Less than a minute left. It's up to $41. Laura sat at the table in our apartment, her eyes anxiously fixed on her laptop. $47. She crossed her fingers. A short gasp. Frantic typing. Bated breath. Then, with a smile and happy waving of hands: I won! It bumped to $50, but I won!

Great! That was your maximum bid.

No, I bumped my max to $53 a few minutes earlier—just in case.

Laura won the privilege of buying a pair of used running shoes.

Nearly everyone who has bought stuff off eBay knows the phenomena of last-minute bidding, a.k.a. auction sniping. An auction lasts for a week, and the first 6 days, 23 hours and 58 minutes bring about no activity beyond a few low-ball bids and maybe some questions for the seller.
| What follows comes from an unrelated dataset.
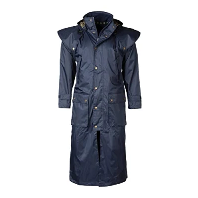 Men's Full Length Riding Coat Waterproof Long Horse Jacket With Cape 2 Colours (as8, alpha, m, regular, Dark Navy)

Then, in the two minutes before the auction closes, a swarm of would-be opportunists fish for a winning bid: The price spikes to somewhere around the market price for the item, and someone somewhere is rewarded for being irrational—though not so with my victorious Laura and her running shoes.

I'm not a fan of auction sniping—not on sites like eBay which include a proxy bidding service that automatically bids on your behalf up to a defined maximum amount. Proxy bidding is an efficient way to ensure you pay no more than what you value an item at. Either you're willing to pay up to X for something or you're not. Put in X as your maximum proxy-bid. Why bother with sniping?

But what if you really want to win?

You mean by changing your mind and paying more than X?

Well, yes.

Then change your mind now and proxy-bid more than X.

OK, I'm aware my argument leaks some air. The principal counterclaim of snipers is that their acts of sniping affect the auction by causing other bidders to bid, on average, less than they would otherwise. One idea here is that sniping reduces the chance of competitors falling into a sunk-loss fallacy whereby, upon seeing their maximum bid outbid, they increase their maximum bid to something more than they're otherwise willing to pay for. The dog fights hardest for the bone it has already tasted. I admit this is a concern. One way this problem could be solved is by changing the format to silent bidding: everyone makes a maximum bid and the winning price is the maximum bid. This system has the advantage of forcing people to think about value, not price. But it has the disadvantage of forcing people to think about value, not price.